Not being attracted to fat doesn't make one shallow.

Not being attracted to broke doesn't make one a gold digger.

Sorry


----------



## tacoma (May 1, 2011)

Gabey said:


> I think we are both reaching the same conclusion coming from different points of view and I definitely missed the part about hiring the hooker.


Yeah, I had to go re-read his first thread to find it.

It's just bad and bad for him.


----------



## Woodchuck (Nov 1, 2012)

Tulanian said:


> My other thread talks about not having had sex with my wife in almost eighteen months. Afte asking and being turned down that many times, I know she doesn't want it. Doesn't have any actual desire. So, at this point, even if she decided to "give it up" I wouldn't _ want_ it. All it would be is "duty bootie" or, worse, "pity p*ssy." I don't see my sexual desires as being the object of pity, not should making love happen because of duty.
> 
> In short, I want to be _wanted_, and if that's not the case i don't want some fake bull****.
> 
> ...


My wife and I were going through a rough patch last November...All I got for sex was flimsy excuses....I actually retired the flimsy excuse trophy with the most humongous BS excuse of the decade coming from my wife earler that month. It now sits on my mantle....

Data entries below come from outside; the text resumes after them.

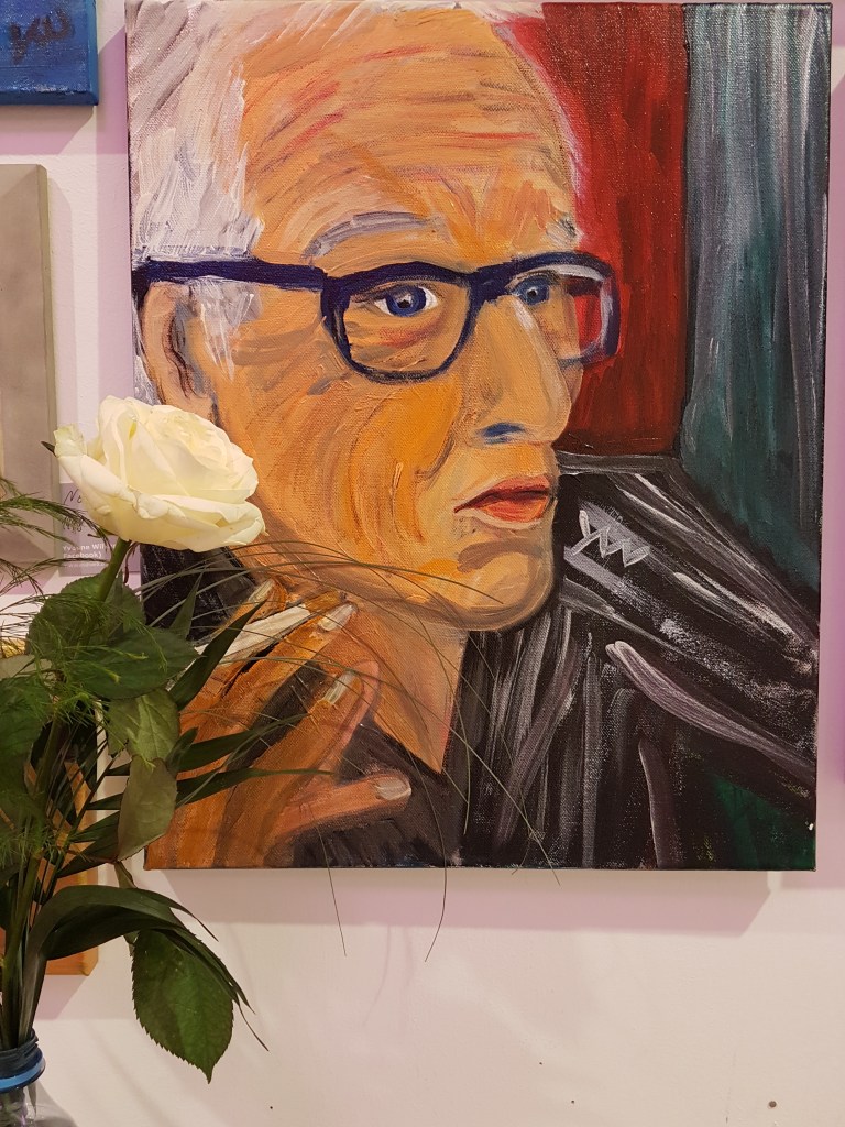 Portrait THE SMOKER (Acrylic and oil on canvas 2017) by Yvonne Wilken with white rose (Zigarette in der Kunst/la cigarette dans les beaux arts/cigarettes in ART: part 37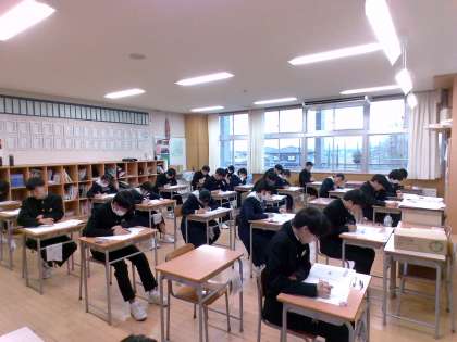 受検に向けた確認テストを行っています。冬休みに頑張った成果がでるといいですね。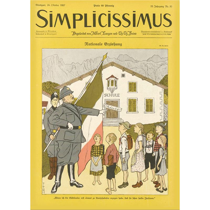 Caricatura dalla rivista satirica “Simplicissimus” sulla politica scolastica fascista in Sudtirolo, 24 ottobre 1927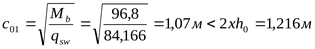 Согласно п. 3.23 [3] определяем длину проекции опасного наклонного сечения с.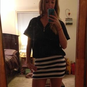 This adorable dress is new without tags! The top portion mimics a hoodie while the bottom looks like a mini skirt! Zips up the front to fit your taste!
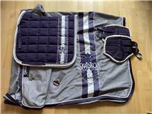 Säljer detta nya set bestående av en dressyrschabrack med bandage och flughätta.
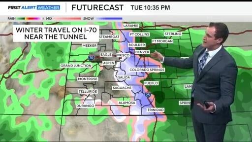 12-24" of snow across the mountains of Colorado with rain in Denver.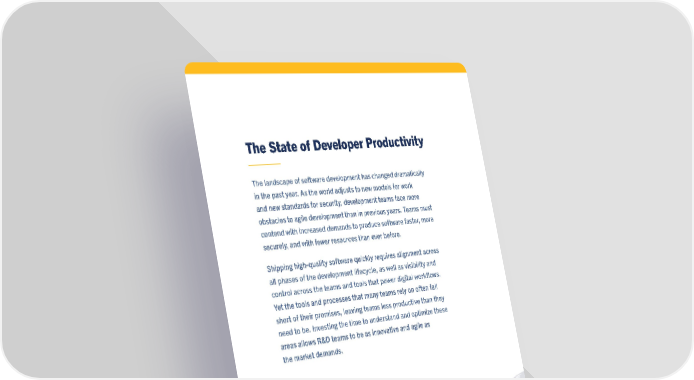 The State of Developer Productivity The landscape of software development has changed dramatically in the past year. As the world adjusts to new models for work and new standards for security, development teams face more obstacles to agile development than in previous years. Teams must contend with increased demands to produce software faster, more securely, and with fewer resources than ever before. Shipping high-quality software quickly requires alignment across all phases of the development lifecycle, as well as visibility and control across the teams and tools that power digital workflows. Yet the tools and processes that many teams rely on often fall short of their promises, leaving teams less productive than they need to be. Investing the time to understand and optimize these areas allows R&D teams to be as innovative and agile as the market demands. In This Guide In this guide, we’ll look at how the industry has changed in the past year and how these changes will impact developer teams’ productivity in 2022. We’ll share the results of a survey that focused on the challenges developers face right now. Then, we’ll dive deeper into how organizations can approach those chal - lenges to ensure that their developer teams are equipped to be highly productive, efficient, and innovative.

Things got ugly,I walked out, printed out divorce laws in our state and left them on her placemat on the dinner table....

I did a lot of thinking, and I guess she did too. We both realized we have too much invested in our marriage and I came back home.....

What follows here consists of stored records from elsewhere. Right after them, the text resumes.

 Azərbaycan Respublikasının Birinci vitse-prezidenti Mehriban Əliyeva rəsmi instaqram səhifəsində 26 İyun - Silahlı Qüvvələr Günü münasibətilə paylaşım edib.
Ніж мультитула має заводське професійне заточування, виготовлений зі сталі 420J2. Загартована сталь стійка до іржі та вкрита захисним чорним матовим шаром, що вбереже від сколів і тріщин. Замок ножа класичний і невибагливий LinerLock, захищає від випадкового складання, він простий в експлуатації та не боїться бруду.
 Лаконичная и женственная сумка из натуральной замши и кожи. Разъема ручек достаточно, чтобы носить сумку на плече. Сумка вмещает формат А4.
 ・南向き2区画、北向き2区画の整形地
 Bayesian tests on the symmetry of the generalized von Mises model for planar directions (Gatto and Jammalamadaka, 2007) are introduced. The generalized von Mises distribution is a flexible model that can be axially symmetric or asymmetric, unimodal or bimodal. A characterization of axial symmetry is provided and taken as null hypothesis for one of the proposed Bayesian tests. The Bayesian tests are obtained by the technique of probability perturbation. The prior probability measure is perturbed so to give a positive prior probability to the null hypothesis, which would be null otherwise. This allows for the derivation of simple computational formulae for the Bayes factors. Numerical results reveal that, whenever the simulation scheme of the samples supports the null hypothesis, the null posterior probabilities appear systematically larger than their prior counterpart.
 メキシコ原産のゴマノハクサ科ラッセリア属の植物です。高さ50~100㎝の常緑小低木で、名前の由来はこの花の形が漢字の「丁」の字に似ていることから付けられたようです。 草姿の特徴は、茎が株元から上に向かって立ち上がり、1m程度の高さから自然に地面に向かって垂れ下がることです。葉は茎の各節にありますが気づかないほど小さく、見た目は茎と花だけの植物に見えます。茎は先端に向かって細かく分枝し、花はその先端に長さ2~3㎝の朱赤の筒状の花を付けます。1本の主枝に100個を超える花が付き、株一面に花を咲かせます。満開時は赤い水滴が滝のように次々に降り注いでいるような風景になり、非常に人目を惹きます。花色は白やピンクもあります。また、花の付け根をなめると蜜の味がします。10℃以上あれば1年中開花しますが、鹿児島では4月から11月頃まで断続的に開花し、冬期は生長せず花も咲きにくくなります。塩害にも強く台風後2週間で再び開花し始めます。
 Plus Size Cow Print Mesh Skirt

After that I could tell it was duty sex, at best, but the contempt and attitude I had been getting was gone....I think she knew I was serious...

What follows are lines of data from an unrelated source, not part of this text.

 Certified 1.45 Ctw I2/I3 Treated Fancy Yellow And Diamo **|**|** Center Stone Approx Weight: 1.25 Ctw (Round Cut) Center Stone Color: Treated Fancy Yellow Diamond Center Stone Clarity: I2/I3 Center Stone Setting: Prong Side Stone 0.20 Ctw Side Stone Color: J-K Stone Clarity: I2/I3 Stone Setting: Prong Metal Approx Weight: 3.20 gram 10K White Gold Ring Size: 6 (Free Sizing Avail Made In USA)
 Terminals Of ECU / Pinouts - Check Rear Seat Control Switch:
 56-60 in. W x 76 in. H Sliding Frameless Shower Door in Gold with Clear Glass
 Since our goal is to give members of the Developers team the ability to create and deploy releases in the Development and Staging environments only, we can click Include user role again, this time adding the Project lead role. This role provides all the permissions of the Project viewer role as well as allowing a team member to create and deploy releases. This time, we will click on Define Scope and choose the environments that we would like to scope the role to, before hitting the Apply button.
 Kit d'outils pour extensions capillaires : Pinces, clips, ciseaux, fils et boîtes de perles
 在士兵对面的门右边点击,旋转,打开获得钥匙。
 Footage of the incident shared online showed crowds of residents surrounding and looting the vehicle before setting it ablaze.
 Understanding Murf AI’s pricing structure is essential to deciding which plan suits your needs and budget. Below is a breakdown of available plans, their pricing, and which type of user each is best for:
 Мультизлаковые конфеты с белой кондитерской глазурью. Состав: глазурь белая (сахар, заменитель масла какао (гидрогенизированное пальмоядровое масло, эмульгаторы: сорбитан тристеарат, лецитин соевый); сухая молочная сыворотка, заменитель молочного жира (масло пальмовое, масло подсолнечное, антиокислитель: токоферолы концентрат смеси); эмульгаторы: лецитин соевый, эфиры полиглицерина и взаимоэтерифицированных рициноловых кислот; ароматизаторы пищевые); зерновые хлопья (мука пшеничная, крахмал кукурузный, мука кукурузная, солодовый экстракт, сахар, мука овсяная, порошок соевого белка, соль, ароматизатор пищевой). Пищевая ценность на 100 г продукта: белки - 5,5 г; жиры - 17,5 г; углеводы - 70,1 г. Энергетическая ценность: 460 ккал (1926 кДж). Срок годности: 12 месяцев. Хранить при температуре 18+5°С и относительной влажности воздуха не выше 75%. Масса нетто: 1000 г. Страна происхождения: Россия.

Then we started reading "The 5 Love Languages" together. I got mine on ebay for under ten bucks. You can read it in a day, and it has really helped....

It is simple, direct, and it works....In one part of the book, a woman who said she hated her husband was given the task of having sex with him once a week for a month, and twice a week for the second month....

Mind you this wasn't even pity pu$$y, it was pure "hate sex". 

The husband responded to her actions and began to change...Bottom line....It saved their relationship, she found out he really loved her and began loving him.....

I know it sounds too simple, but it is only ten bucks....Ya got absolutely nothing to loose......If you really WANT to stay married....

My wife Is having some problems right now due to her meds, but 2 nights ago after some very caual foreplay, we were making out like teenages, and actually racing to see who could get their pants off first....She won...

It was real passion on her part and mine. We have been together 47 years. I am 66 and she is 68.

PS....If I knew before I got the book that it would make me feel like I do about my wife I would have paid $1000....

I have touted this book ever since I read it, I should be getting a commission by now.....


----------



## tracyishere (Dec 2, 2012)

My H had pity sex for me..and then told me so afterwards. It was humiliating. I felt like a fool. I told him no sex unless it is real sex. However if he hadn't have told me, I would've been oblivious.


----------



## WorkingOnMe (Mar 17, 2012)

She says hire a hooker? Pay a hooker 200/hour to come over and cook you dinner. Make sure you use the wife's money to do it. Open a nice bottle of wine and take your time.


----------



## Gabey (Feb 20, 2013)

aribabe said:


> Not being attracted to fat doesn't make one shallow.
> 
> Not being attracted to broke doesn't make one a gold digger.
> 
> Sorry


Not in that context, but in the context of a marriage, it sure as hell does. 

If someday, you gain some weight and it turns your SO off, are you justifying that treatment toward you?


----------



## tracyishere (Dec 2, 2012)

I don't think that's a fair statement. One cannot really help being attracted to certain aspects of an individual. I can't help it that I'm attracted to guys that I think could win a match, that's just how I'm wired. If my spouse became thin and weak...I probably wouldn't feel the same about him.
_Posted via Mobile Device_

That's not saying I wouldn't try to find other ways to feel attraction. But, let's be real here. We're not talking about whether or not we still would love the OP, just that we may not be attracted anymore.


----------



## Tulanian (Feb 23, 2013)

She's not obligated to want me, no. Nor is anyone else. But if I'm unwanted, I'm unwanted, and I know it. Still wouldn't want to be lied to.
_Posted via Mobile Device_


----------



## Gabey (Feb 20, 2013)

tracyishere said:


> I don't think that's a fair statement. One cannot really help being attracted to certain aspects of an individual. I can't help it that I'm attracted to guys that I think could win a match, that's just how I'm wired. If my spouse became thin and weak...I probably wouldn't feel the same about him.
> _Posted via Mobile Device_


So your never going to gain (or lose too much) weight, get some accident, affliction or disease that may alter your appearance, lose your job or something of that nature?

And if, God forbid, you do, are you condoning your SO to lose interest in you and then maybe look elsewhere?

I see it differently that both of you do.


----------



## tracyishere (Dec 2, 2012)

Ya, it may happen. But I cannot change what turns me on. That's me. That's who I am. 

My hubby may still love me if I get deformed, that doesn't mean he's necessarily attracted to me.
_Posted via Mobile Device_


----------



## aribabe (Aug 9, 2012)

Gabey said:


> Not in that context, but in the context of a marriage, it sure as hell does.
> 
> If someday, you gain some weight and it turns your SO off, are you justifying that treatment toward you?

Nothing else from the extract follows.